● EXERCISE: In how many lines of the records below does the word "werd" appear? Answer with the number alone.
Segment Open
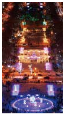
光の宴 [札幌市 大通公園/2016年12月] 大口 雄一(札幌市厚別区) 冬の都心の雪に映える光のページェント。寒さを忘れさせてくれる優雅なひと時を感じました。
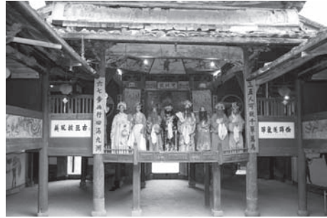
▲図版 7 英節廟内の舞台。
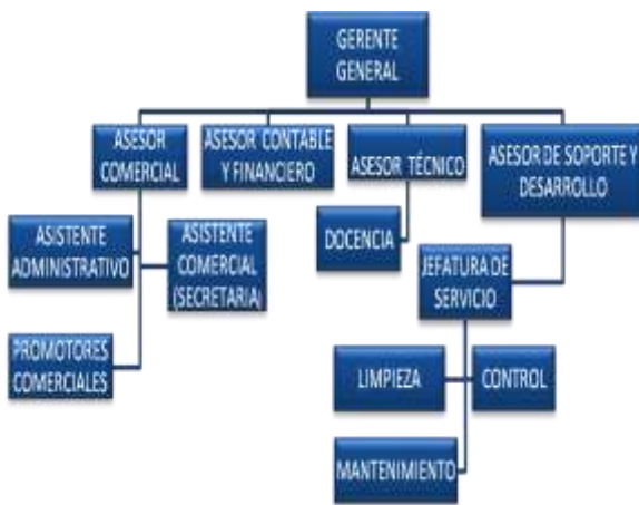
Figura 2. Organigrama de la Empresa

Debido a que ofrecemos un servicio educativo y en diversos horarios, necesariamente requerimos de personal altamente capacitado y numeroso a pesar de ser una empresa pequeña.
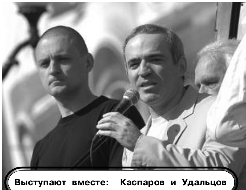
Выступают вместе: Каспаров и Удальцов

будут привлекать к себе, включать в общую организацию, подчинять общепролетарской дисциплине все пролетарские, полупролетарские, наименее пролетарские, даже наиболее мелкобуржуазные, слои трудящихся, которые поворачивают к рабочим. Тут
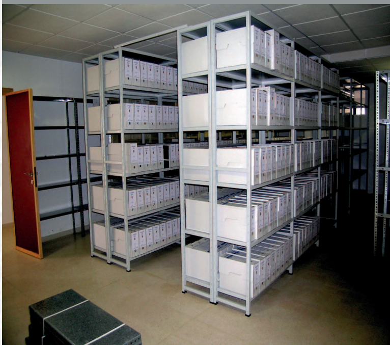
Archivo Municipal de Medellín después de la elaboración del inventario.
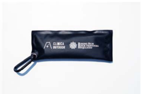
「CLINICA OUTDOOR GEAR」
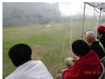
保護シートを 下ろしてもらって見学。 消火器の 薬剤で 真っ白に。
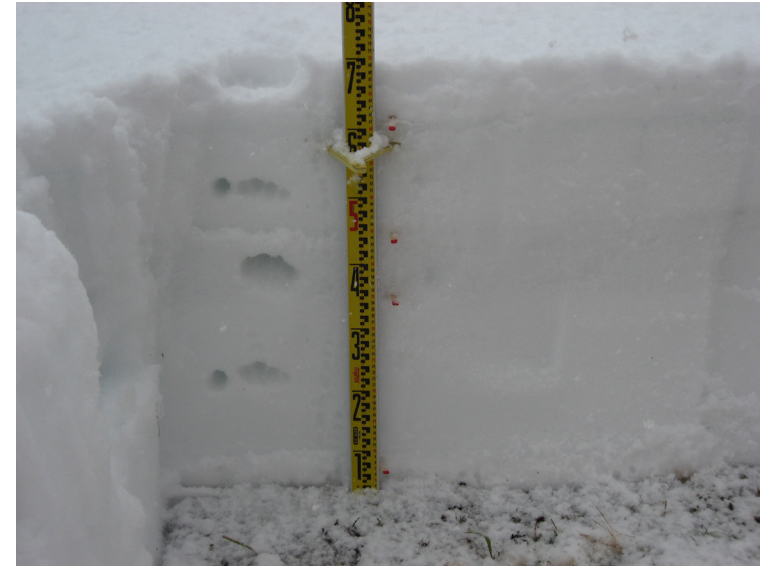
積雪断面観測値 (構内 2020/12/25)
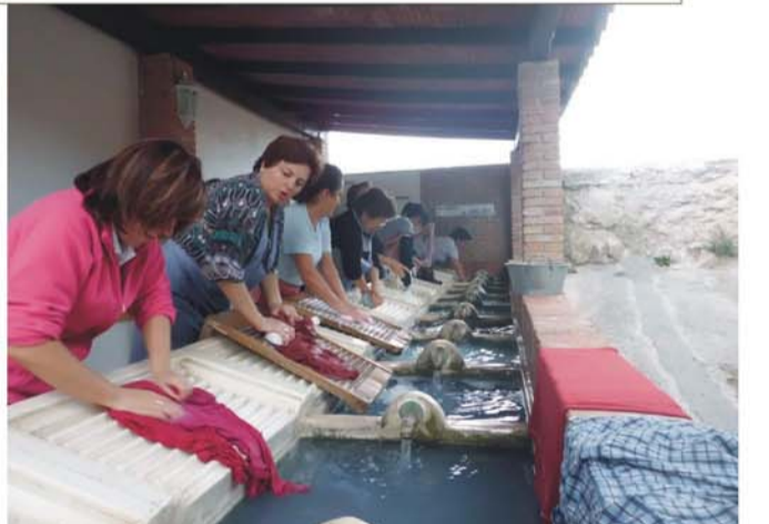
Nombre: "Jornadas socioculturales sobre la MUJER RURAL" Actividad: taller etnográfico sobre la mujer rural y los lavaderos Objetivo: inventariar, recoger y ensalzar a través de la figura de la mujer rural el patrimonio sociocultural de los lavaderos
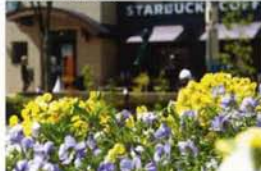
緑が似合うお洒落なカフェ
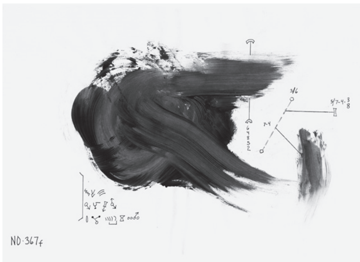
Anthony Braxton 367 F konposizio zenbakeriaren estraktua, 1967 © Anthony Braxton/ Tri-Centric Foundation

Artista batzuk partituren edo partituran oinarritutako obren bidez daude irudikatuta. Partiturak kontrolaren eta bat-batekotasunaren dialektikari aurre egin behar dion gizarte-programa irudikatzen du, eta hori aipatu dugun giza erantzunen aurrerapenaren erabilera menderatzailearekiko desberdina den modu batean egiten du. Notazio grafiko eta aleatorioarekin esperimentatu ondoren, Cornelius Cardew (1936-1981) eta The Scratch Orchestra bere taldea zuzenean politika utopikoarekin konektatzen saiatu ziren praktika musikalaren bidez. Luke Fowler rek (1978) atzera begirako entsegu egin du saiakera horri buruz Pilgrimage from Scattered Points izeneko filmarekin (2016). Anthony Braxton (1945) ere, azken 50 urteetako jazz-mitorik handiena, pieza musikalak, emanaldiak eta operak notatzen saiatu da modu ezberdinetan, aldi berean zehatza eta malgua izaten saiatzen. Eszeptikoagoa da Alex Mendizabalek (1961) For Orchestra -n proposatzen duen erabilera, ideiarik eta gogorik gabe idatzita dauden era guztietako ohar musikaletatik abiatuta eraikitzen den partitura bat. Mendizabalena ere, Famoseca (1987), 10 haize-instrumentistek kolunpiodun tiobibo batean jotzeko partitura bat da. Soinu-iturriak mugitzen ari dira eta azoka-testuinguru batean interpretatzen da, kontzertu-aretotik kanpo.
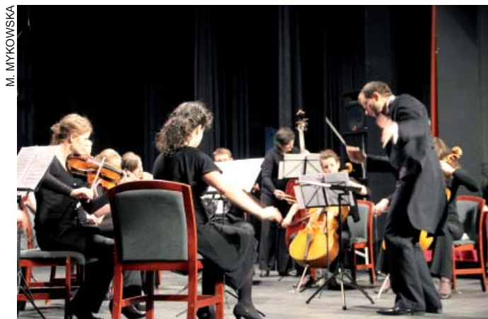
Orkiestra Kameralna PROGRESS
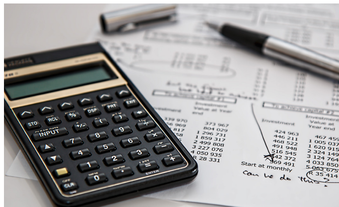
Figuur 2: Een rekentool werd ontwikkeld door POM Oost-Vlaanderen

Een belangrijk deelmodel van de rekentool vormt het logistiek rekenmodel. Er werd in het project immers uitgegaan van decentrale productie van kleine volumes Spirulina in kassen. Het is van belang dat de logistieke stromen omtrent inzameling zo efficiënt mogelijk worden uitgevoerd. Beide tools staan ter beschikking voor alle geïnteresseerde partijen. Hiervoor kan contact opgenomen worden met POM Oost-Vlaanderen.
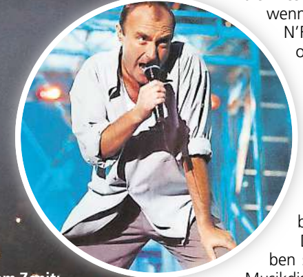
Auf dem Zenit: Phil Collins 1994 bei einem seiner Konzerte im Niedersachsenstadion.

Weltrekord für Stadionshows – und ist für Hannover bis heute die Bestmarke. Auch wenn AC/DC, Guns N'Roses, Eminem oder Ed Sheeran auf dem Messegelände bei Einzelkonzerten jeweils 70.000 oder mehr Fans zusammenbrachten.
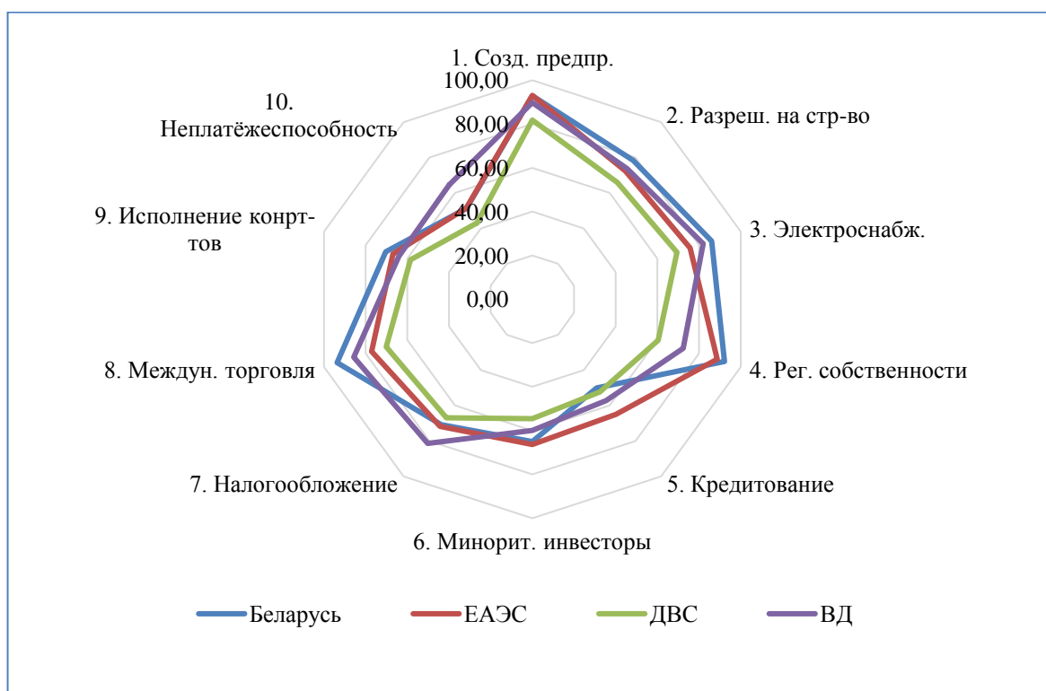
Рисунок — Страновой профиль Республики Беларусь в рейтинге «Ведение бизнеса» на 2018 год в сравнении со средними значениями по группам стран

3. «Подключение к системе электроснабжения»: показатель удалённости от передового рубежа составляет 86,04%, что соответствует 25 месту в рейтинге. По данному показателю Беларусь также опережает средние значения по трём группам стран.
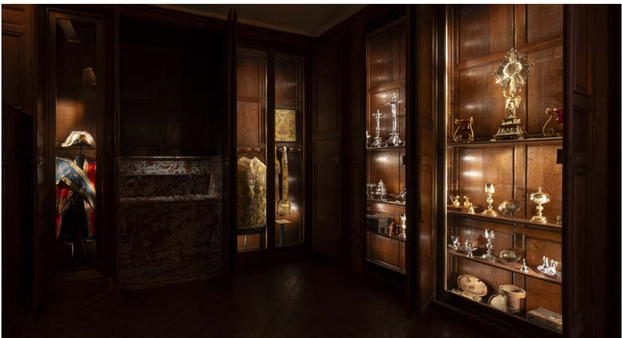
Pièce du lavabo, présentations dans les vitrines

Le budget de cette opération constitue le mécénat financier le plus important jamais porté par la Société des Amis de Versailles pour une restauration architecturale.
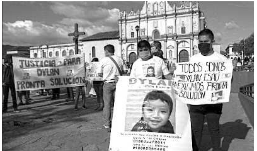
▲ Estos 73 casos formaban parte de un total de 309 documentados por la organización Melel Xojobal durante el primer semestre del año pero 236, 76 por ciento del total, ya fueron encontrados.

La Red por los Derechos de las Infancias y Adolescencias en Chiapas (Redias), integrada por diversas agrupaciones, entre ellas Melel Xojobal, afirmó que "es necesario el trabajo coordinado entre autori-
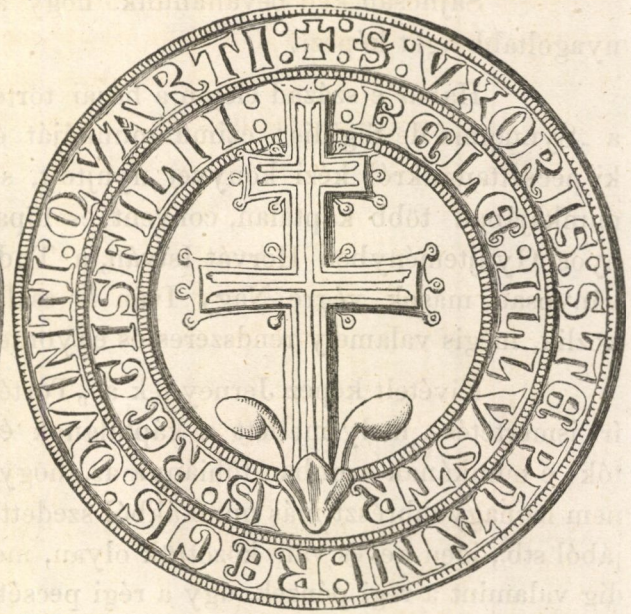
1. ábra. b)

fogva szükségesnek véltük a káptalan 2. sz. a. pecsétjét, mely a Görgey-levéltárban III. Endre király korából való több okmányon látható, pontosabb rajzban adni, körirata ez: † S CAPITVLI ECLESE BEATI MARTINI DE SCEPVS. A 3-ik szám alatti a szepesi káptalannak első ismeretes pecsétjét ábrázolja, mely akkor, midőn IV. László király alatt
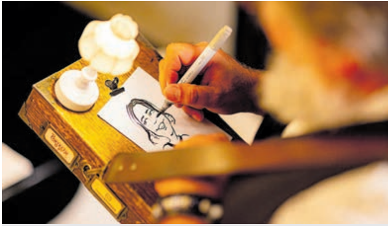
Illustrator BramBram maakt miniportretten in Mijdrecht Dorp.
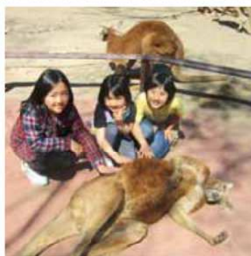
サファリパークにて行き倒れおじさんと?
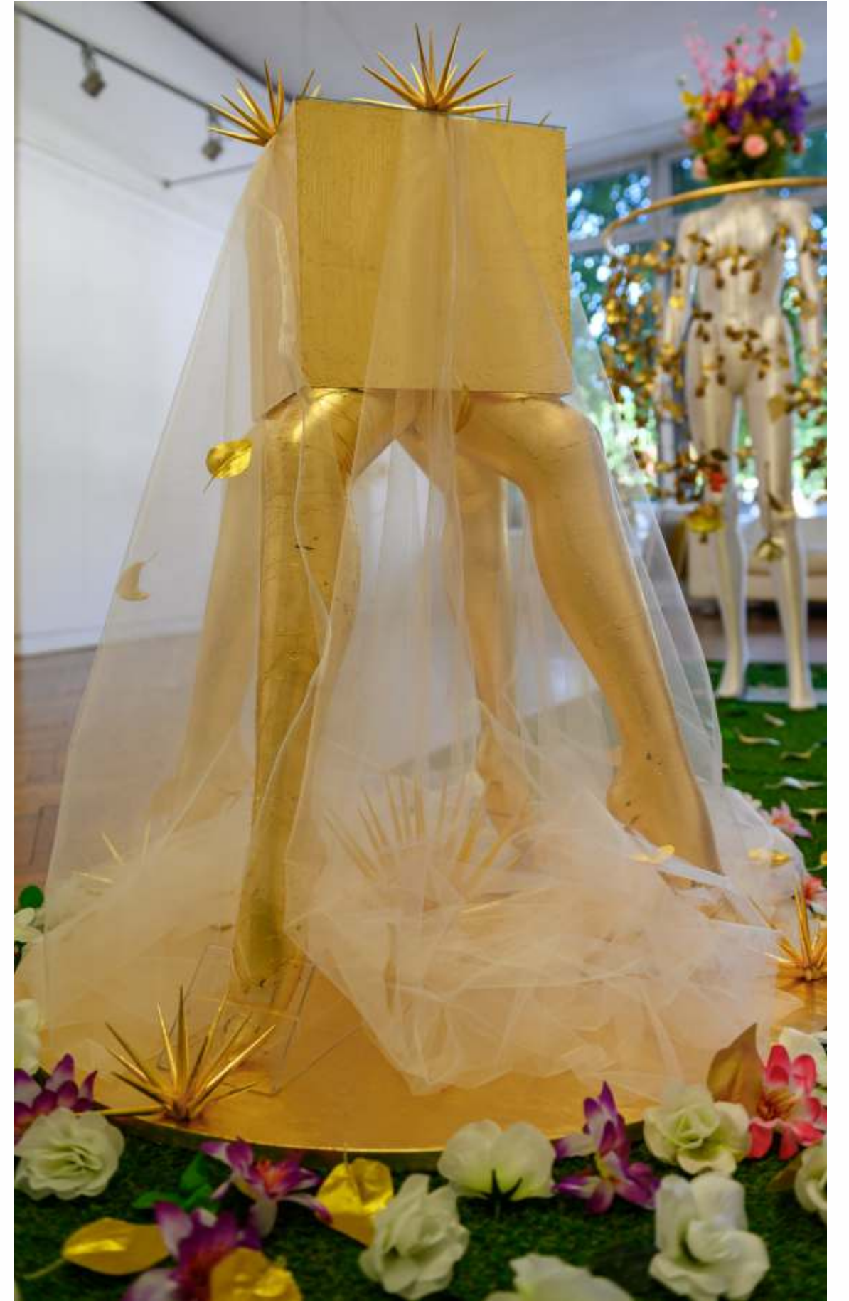
Райска градина / 2022 Garden of Eden / 2022
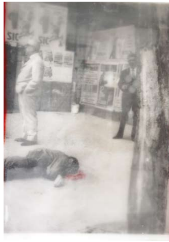
«Nu sacciu' cuié», Encaustik auf Holz, 30 x 21 cm, 2006 (nach Photo Photoarchiv Sizilien)
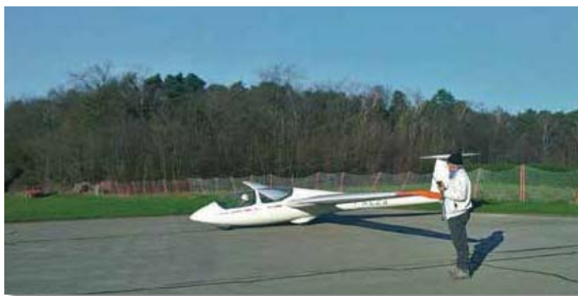
Il momento faticoso

Non è il medico aeronautico, ma proprio quello di base. Ormai è diventato un rito e devo dire anche piacevole. Visita medica per i miei controlli abituali, entro in studio, mi siedo... e tutte le volte la prima mezzora trascorre parlando di volo. Ancora non si capacita come fanno gli alianti a volare senza motore, mi fa tante domande e poi vuole sapere cosa provo.
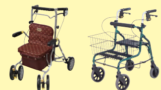
シンフォニー ラクーン(P98) セーフティーアームロータ SPタイプ(P98)
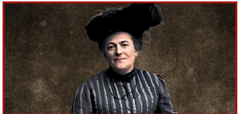
Clara Zetkin (1857-1933)

Durante la Primera Conferencia Internacional organizada por la Internacional Socialista de Mujeres. Originaria de Wiederau, Sajonia, formó parte del Partido Socialista de los Trabajadores, se afilió al Partido Socialdemócrata de Alemania y posteriormente al Partido Socialdemócrata Independiente alemán. Fue una de las fundadoras de la Internacional Socialista de Mujeres. Durante la segunda Conferencia Internacional de Mujeres Socialistas propuso la celebración del Día Internacional de la Mujer.
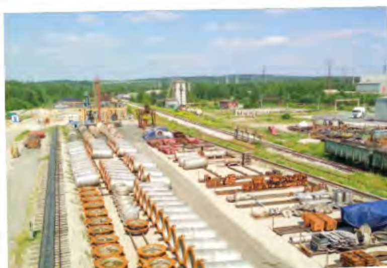
Хранить ТМЦ можно как на закрытых складах, так и на открытых площадках
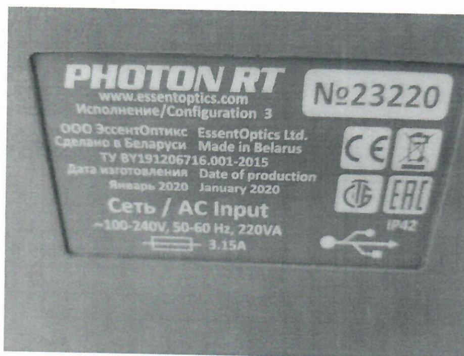
Рисунок 2 – Маркировка спектрофотометров PHOTON RT
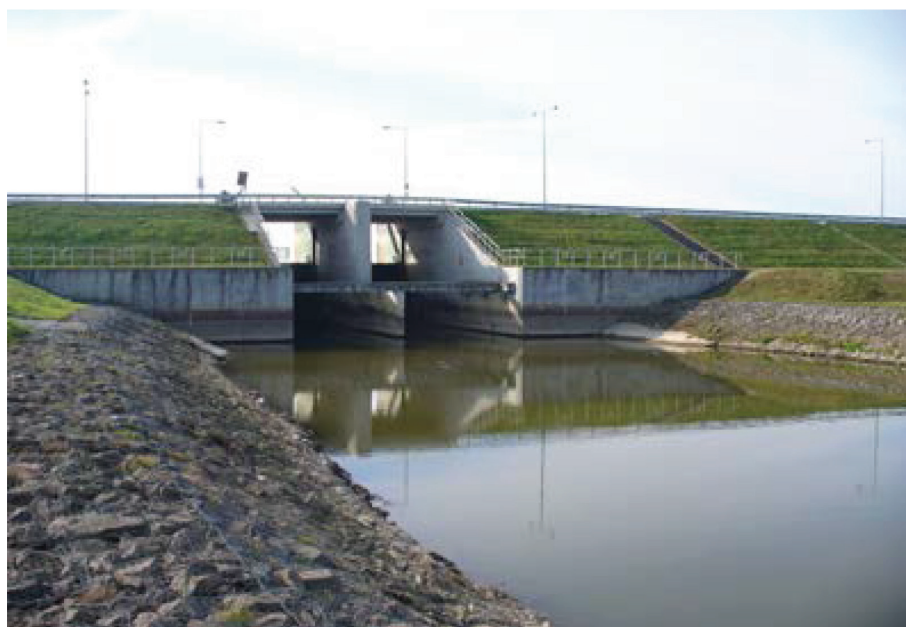
Fotografia 10. Jaz zapory głównej zbiornika Nielisz, przekazanego do użytkowania w 2008 r.
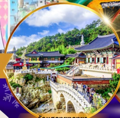
วัดแฮดงยงกุงซา
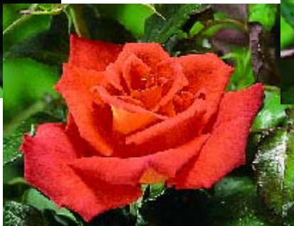
Monica - p. 15 ▶
Segment Closed
● SOLUTION: 2